Wars in Africa provide economic future for arm dealers

Wars in Africa provide economic future for arm dealers


Chris Odinaka Nwedo

“Apparently, loyal constituents of arm dealers are armed robbers, kidnappers and all fervently in love with violence. The basic and consistent factor in violence which is the only product of war is that the first victim ruined is the vanquished, and the second tragic victim is the victor”.

Arm dealers are the beneficiaries of ubiquitous wars in developing countries and around the world. These wars sustain and provide structures for continuous expansion of industries producing and marketing weapons. The future for the industries involved in production of arms hinge on proliferation of conflicts, violence and ultimately wars. No sane nation fraternises arm producing industries if it is not prosecuting war or anticipating violence. A regime that fervently pursues weapon programmes in times of peace and stability probably plans to conclude the nation’s future wars before replacement.  Apparently, loyal constituents of arm dealers are armed robbers, kidnappers and all fervently in love with violence.

The basic and consistent factor in violence which is the only product of war is that the first victim ruined is the vanquished, and the second tragic victim is the victor. Conflict provides mutual prospects for self-destruction of the parties in the dispute if parts leading to violence is not negated. War is avoidable when peace is allowed. There is no conflict without peace as potent prospect for its resolution.

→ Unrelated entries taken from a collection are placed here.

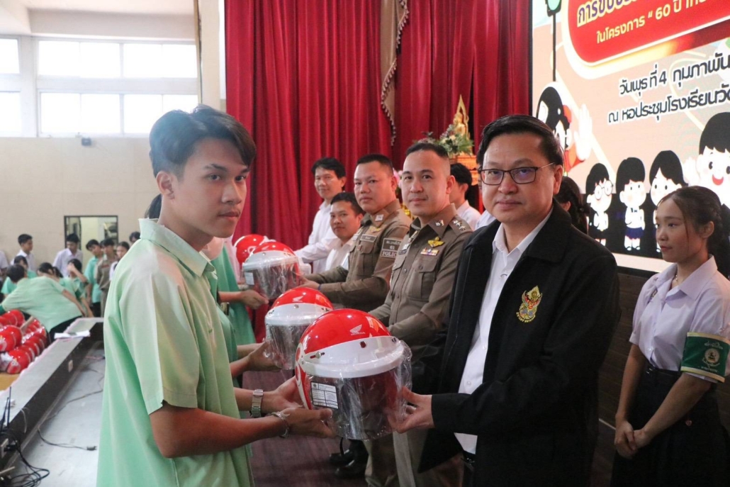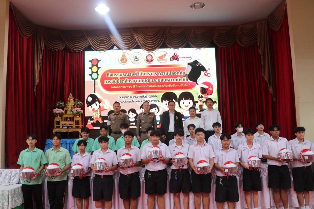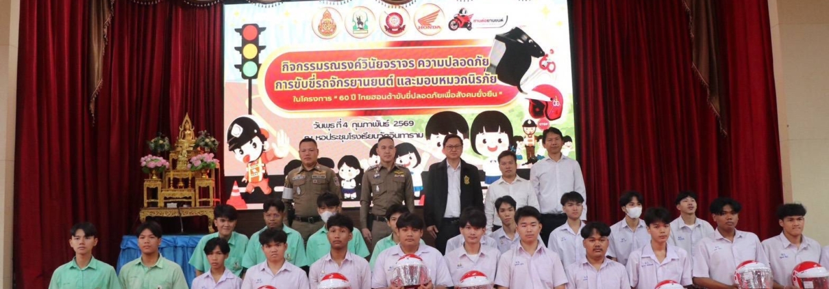 วันที่ 4 ก.พ. 2569 เวลา 08.30 น. จัดกิจกรรมรณรงค์ วินัยจราจร ความปลอดภัย การขับขี่รถจักรยานยนต์ และมอบหมวกนิรภัย ในโครงการ 60 ปีไทยฮอนด้าขับขี่ปลอดภัยเพื่อสังคมยั่งยืน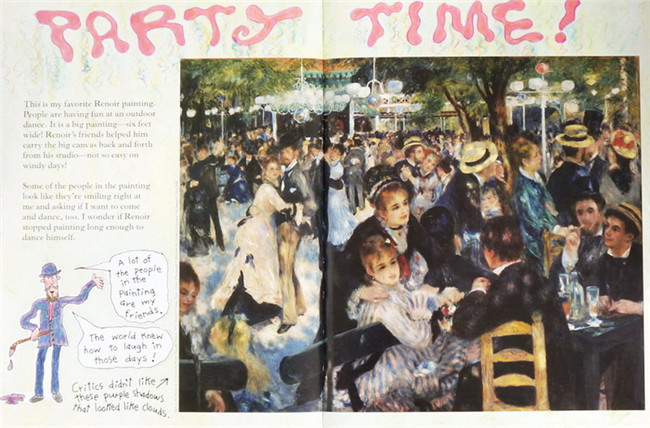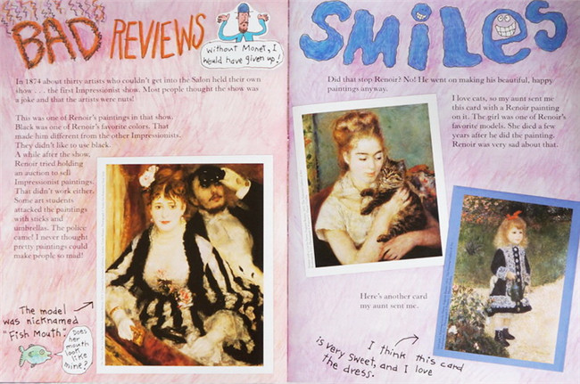 这些传记背后的故事是小学生写的关于画家的报告。每本书的开头都有一封老师“勃兰特女士”(Ms. Brandt)的来信,信中列出了学生在准备作业时可能想要思考的一些问题:你为什么选择这位艺术家;如果你可以问他或她三个问题,他们会是什么;你学到了什么让你惊讶的东西吗?不幸的是,最终的结果是混乱的页面和可能令人困惑的内容。虽然每本书都包含了主题生活的一些事实(出生日期、地点、童年、工作等),但它也包含了写报告的孩子的一些信息。例如,德加的“作者”克里斯汀在艺术家的自画像旁边放了自己的自画像。关于每个主题的材料都是严格的传记式的;没有讨论艺术家的技术或在艺术史上的地位。彩页和字体突出了许多复制品、照片、孩子般的图画和文本片段。“认识世界上最伟大的艺术家”系列(儿童)提供了坚实的事实信息和复制品。然而,如果你想通过一个虚构的人物来介绍一位艺术家,那就把读者引向克里斯蒂娜?rk的《林娜在莫奈的花园》(R & S, 1987)或尼尔·沃尔德曼的《呼吁星空》(Boyds Mills, 2001)。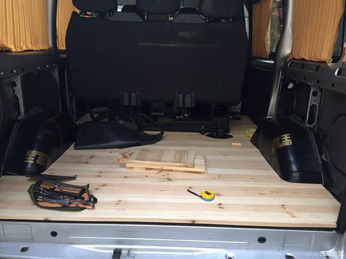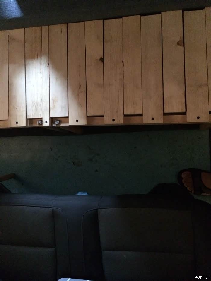 网上买的杉木板替了地板尺寸按原车地板画样、缺点是厚了、还有后面位置分3段联接用的木棒做销子连接不紧实、有时路不上要跳起来有声响座椅底下螺丝垫片加了10个解决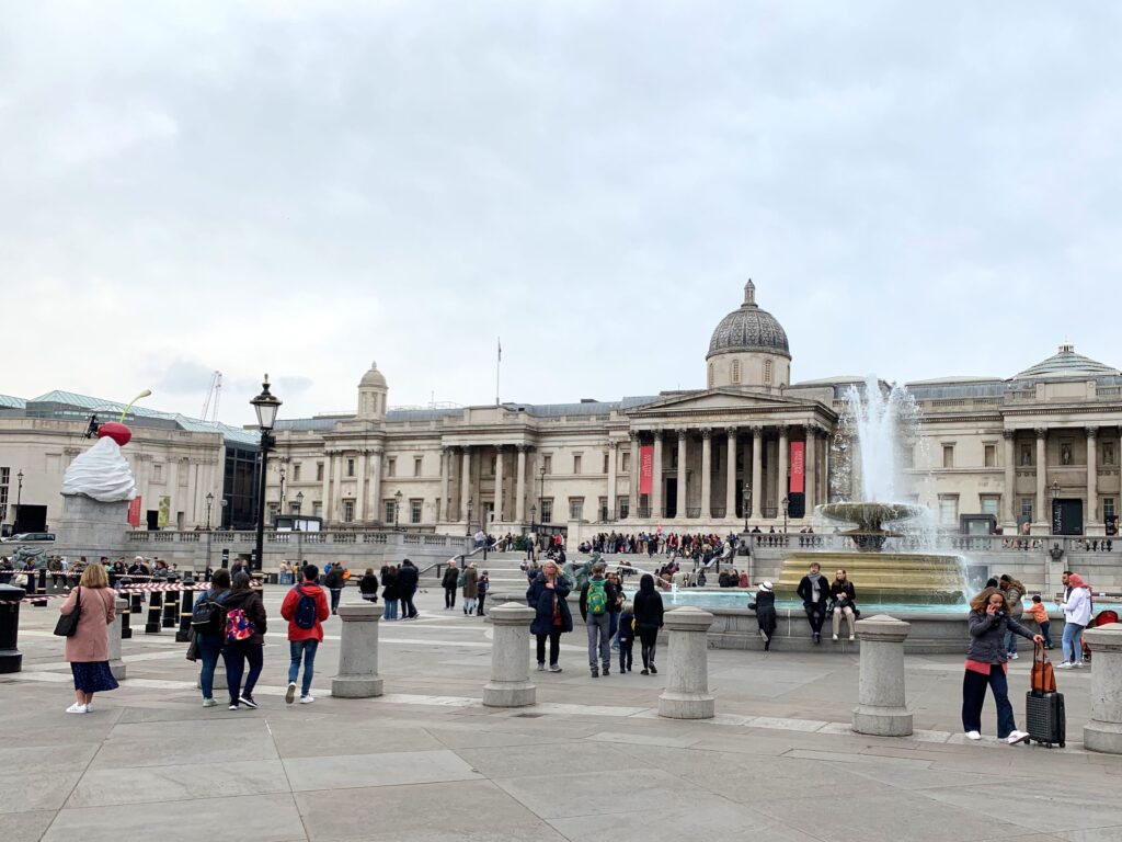 Abends fahren wir zum Trafalgar Square. Der britische Vizeadmiral Horatio Nelson hat eine ziemlich wichtige Seeschlacht gegen die Französisch-Spanische Armada gewonnen, weshalb man diesen ganzen Platz mal kurz nach dem Austragungsort der Schlacht benannt hat.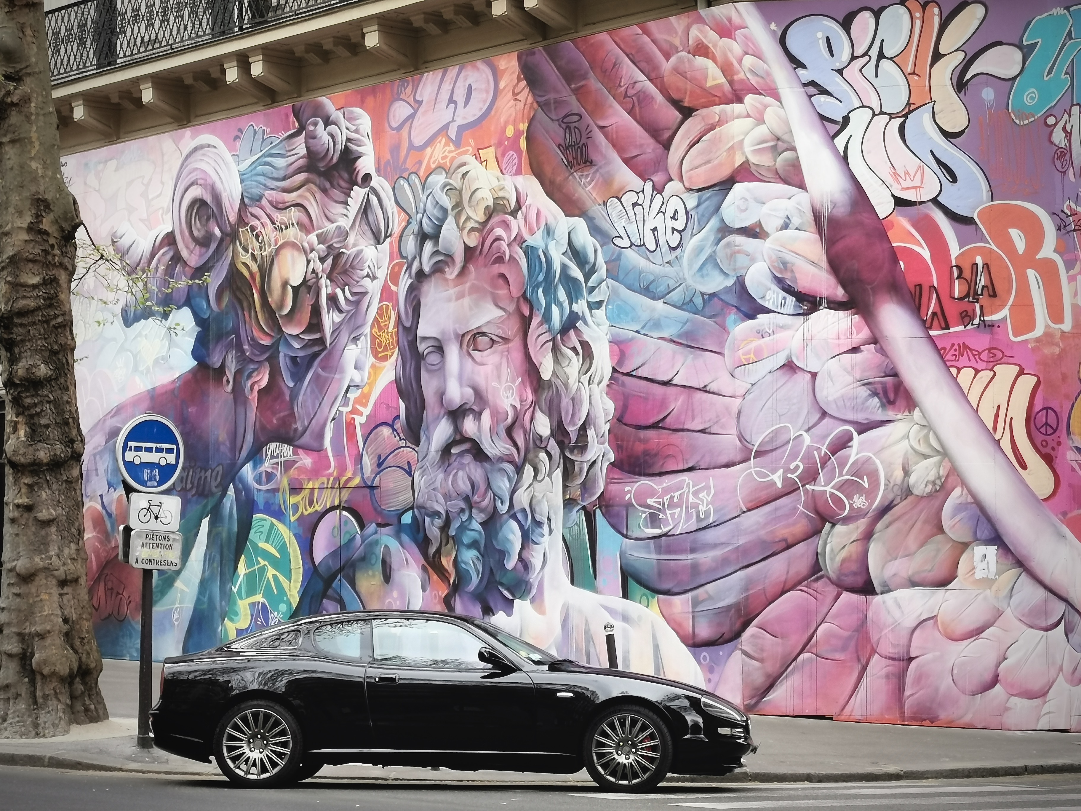 Le duo de graffeurs espagnols PichiAvo réalise une oeuvre de 180 m2 sur une façade du boulevard Saint-Michel à Paris.BOF :o ;)

Since the fortunes of weapons’ industrial complexes grow on the branches of conflicts and nutrified by them, it is no longer alright to disassemble conflicts with gentle spanks and pacifists’ remonstrations. The resulted oriented nature of today’s weapons comes with a mistaken impression that violence is the shortest track to peace. With the active efforts of lobbyists working for gun factories, it is increasingly difficult to dispel the illusions that violence is a quick-fix for all conflicts. Large percentages of today’s folks no longer consider reasoning as having any capacity to play tremendous roles in conflict management and are disinclined to compromise for peace and intolerant to prudence. This is why violence, bloodshed and sorrow are becoming predominant issues in every conversation nowadays.  We have strife, wars and violence everywhere in the world due to deliberate rebellion. The world rebels to reason and the humanity is encumbered by the reckless choice.

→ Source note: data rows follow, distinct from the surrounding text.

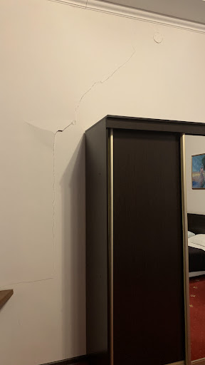 Read moreПри бронировании на фото есть балкон,по факту его нет.Администратор сказала,что из 8 номеров данной категории балкон только в 4 есть.Отель находится у оживленной магистрали.Постоянный шум и днём и ночью.Отдалён от основных достопримечательностей.Рядом есть остановка общественного транспорта,но ходит 2 автобуса до центра ну с очень большим интервалом движения.Долго ждать приходится. На завтрак подают одно и тоже каждый день плюс не свежее.Остатки шарлотки,несколько кусочков,на следующий день подают.Блинам дня 3.Сок из магазина Лента самый дешевый их собственной торговой марки.На кружке женская губная помада.В холле капало с потолка,сказали администратору,поставили ведро,которое так и простояло 3 дня до нашего отъезда.В номере тоже жёлтые потёки на потолке,обои местами вздутые,отошли вместе со штукатуркой.В наше отсутствие принесли на смену полотенца,которые были влажными,застиранные,далеко не белого цвета и местами в пятнах каких-то.В номере две односпальные кровати,которые соединили и между ними дыра.Два односпальных одеяла.Под кроватями слой пыли.В шкафу пыль.Прилагаю фото,вид из номера комфорт,5 этаж. Отель предлагает губку для обуви,но до нас ей кто-то уже...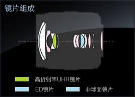 该镜头采用9组14片结构,其中1片UED超低色散镜片和1片UHR超低折射率镜片,以及4片非球面镜片,能有效进行球面相差和倍率色差的补正。镜头表面采用纳米表面镀膜技术减少了眩光和鬼影的发生。镜头12-35mm焦距等效135画幅视角为24-70mm,恒定F2.8大光圈,内置7片光圈叶片,最近对焦距离为0.25m,最大放大倍率为0.17倍。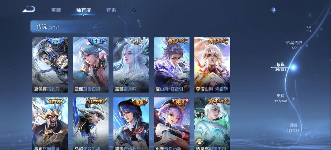 李白花木兰典藏,东方曜的五双限定,宫本武藏暃安琪拉嫦娥鲁班七号马可波罗珍品传说,38个传说以上

On August 2, 1998, violent political conflict erupted in Democratic Republic of Congo mainly between Mobutu and Kabila. Within months, the conflict unfolded into a complex international crisis engulfing Central Africa in what some have called Africa’s First World War. Though this war was triggered by political dissension in DRC and largely the internal affairs of the country, many African countries were ‘thrilled’ to participate in the war. At least there were eight national armies pulled into the conflict these included Rwanda, Uganda, Burundi, Angola, Namibia, Sudan, Chad, and Zimbabwe. Along with these national armies were rebel groups working so hard to be heard and respected according to the value they were to add to the intensity of damage in the war.  What was spectacular was that, many Western countries provided weapons logistics and training to most of the active players in the Congo conflict.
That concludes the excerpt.